What is clear is that, until now, the situation in Syria is still far from any real solutions. Violence is still dominating the situation, which is complicating matters, and contributing to the continuation of unrest and demonstrations. Violence is not, nor will it ever be, the solution to holding the state together or dealing with the demands of its citizens.
Syrian television aired clips of what it called armed groups roaming certain areas and opening fire on demonstrators and security forces. This is completely unbelievable, particularly as the camera filmed the gunmen as if this was [the famous Syrian television drama] Bab al-Hara [The Neighbourhood’s Gate]. Furthermore, one of the cars [in the video] looked new, and its license plate was clearly displayed. Does it make any sense for gunmen in Syria to roam around this openly, without being arrested by the Syrian security forces? Syria is a country that is based on security and not achievement. Furthermore, the security forces would not allow a media camera crew to film [in this manner], so what can be said about masked gunmen moving around at ease in front of a camera and being filmed in such a dramatic manner?!

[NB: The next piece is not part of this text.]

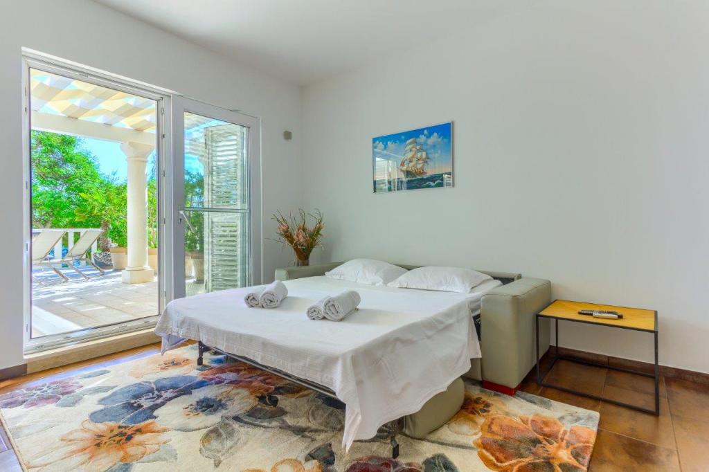 Des appartements nouvellement construits et équipés de façon moderne sont situés juste à côté de la plage dans la paisible ville d'Ivan Dolac. Les appartements Unit 1 et Unit 6 sont pour 4 personnes, ils se composent d'une chambre avec un lit double 160 x 200, une salle de bain avec douche, une cuisine et une salle à manger, et un salon avec SAT-TV et un canapé-lit, et une terrasse avec une belle vue sur la plage, la mer et les îles. Les appartements P1 et P2 sont pour 8 personnes, ils se composent de 3 chambres et un canapé-lit dans le salon, 2 salles de bain, une cuisine entièrement équipée avec un lave-vaisselle, une salle à manger et une table à manger sur la grande terrasse devant avec vue de la mer. L'appartement P2 a une superficie plus grande que P1, car il a une chambre entière et une salle de bain à l'étage inférieur. Un restaurant et des cafés sont à seulement 20 mètres et une boutique à 100 mètres de l'appartement. Bien que la maison soit située en plein centre de cette petite ville touristique, elle offre une tranquillité et une intimité totales car les clients sont principalement des familles avec de jeunes enfants qui profitent des belles plages et de la mer cristalline.
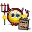 Hi everybody! Just had to pop in and say Happy Halloween! Partly because I've got these smileys which would look pretty silly around Christmas Did I miss anything? Anybody here? Hello. Hey, what's with all the scorch marks on the walls? Hmmm. Anyway, Happy Halloween!

The problem with what is happening in Syria, until now, is that the regime has a lot of room to move; there are many issues that require reform. It has a lot of room to maneuver and can neutralize the main sections [of society], if the regime decides to carry out real reforms. However it seems that so far the reforms in Syria are still only promises to carry out studies [into reform], rather than prompt resolutions that will see the dismantling of the [opposition] machinery that is beginning to be put together to oppose the Syrian regime.
This matter is very dangerous; it will either lead to the situation blowing up completely or to the weakening of the state as a whole, for violence will not result in any solutions but will only complicate matters further. It might also, in turn, lead to more violence and not in the manner that the regime is now trying to portray, which is that there are thugs and gunmen [conspiring to create unrest], as it seems that this was an attempt by the regime to neutralize international pressure. When, God forbid, the violence truly comes, this will be clear for all to see, and will not require camera lenses or dramatically shot footage, and the consequences of this [violence] will be dire. The other matter is that in the event of the regime suppressing its citizens in this manner, then it will be [revealing itself to be] weak externally, and there are many who would jump at the change to seize control of the country in this state, for the regime would be too weak to negotiate or say no, and this is also very dangerous.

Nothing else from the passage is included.